Levantó la cabeza. A través de las puertas destrozadas vio a un hombre y una mujer corriendo bajo la nieve. Algo pesado y negro en sus manos. Armas.
—¡Moody! ¡Moody!
El pánico. El caos. La primera, casi inidentificable, sensación de una pena tan profunda que la asustaba, con diferencia, mucho más que los asesinos de allí fuera. Klara tardó una décima de segundo en decidir que no pensaba morir. Un rayo le atravesó la conciencia. Una claridad inaudita. Nunca había dejado de amar a Mahmoud. Lo había reprimido, pero no olvidado. Y no podía dejar que terminara ahí. Abatido como un perro, apagado, desparramado en el suelo sucio de un supermercado. Tachado de asesino y terrorista. No podía terminar así.
—Te quiero, Moody —susurró con los labios pegados a los de él.
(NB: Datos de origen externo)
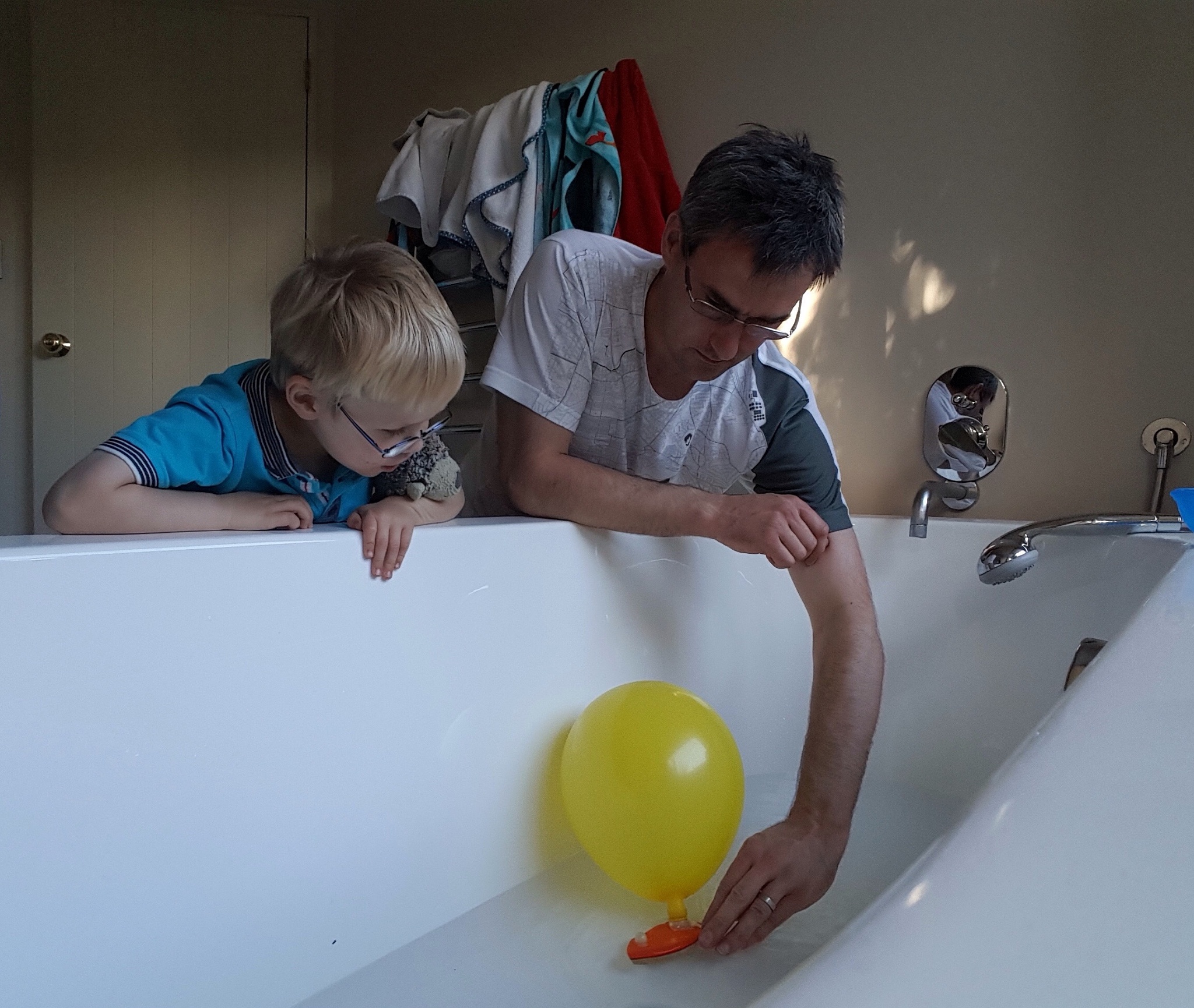 In the advent calendar today CJ received a balloon boat. Needless to say we had to try it out straight away.

Después le soltó el brazo, se levantó y pasó corriendo junto a las cajas y la gente agachada y se adentró en la tienda. A su espalda, en la lejanía, pudo distinguir unas sirenas.
Corrió sobre los cristales y el vino y el caos. No oía los gritos ni los llantos. Tenía la mente completamente en blanco mientras corría en zigzag entre las estanterías. No miraba a su alrededor.
Más adentro reinaba una calma sorprendente. Los clientes se movían curiosos hacia las cajas, inseguros de lo que estaba pasando. Al fondo del todo había un mostrador de charcutería donde ya no había nadie atendiendo. Todo el personal parecía haberse desplazado hacia la entrada del comercio. Klara lo rodeó y atravesó un par de puertas batientes que comunicaban con un almacén desordenado. Un hombre en bata blanca y red de pelo, que sin duda vivía ajeno al caos del otro extremo de la tienda, le gritó algo. Klara apenas lo registró, solo tenía ojos para el cartel de salida de emergencia. Los tejanos ensangrentados le tiraban en las piernas.
Apretó la manilla de la puerta con el codo para que los trozos de cristal no le penetraran aún más en las manos. La salida de emergencia daba a un muelle de carga en la parte de atrás del supermercado. Una delgada capa de nieve cubría el suelo. Los copos caían a toda prisa, oblicuamente en la penumbra. Saltó del muelle y se vio en un patio interior. Las suelas manchadas de sangre dejaron un rastro de huellas rojas cuando lo cruzó corriendo, salió por un acceso con barrera y continuó por un callejón en el que la nieve ya se había derretido. Giró a la izquierda. Hasta que no hubo corrido cien metros por los adoquines no se dio un segundo para mirar atrás. Nadie la seguía.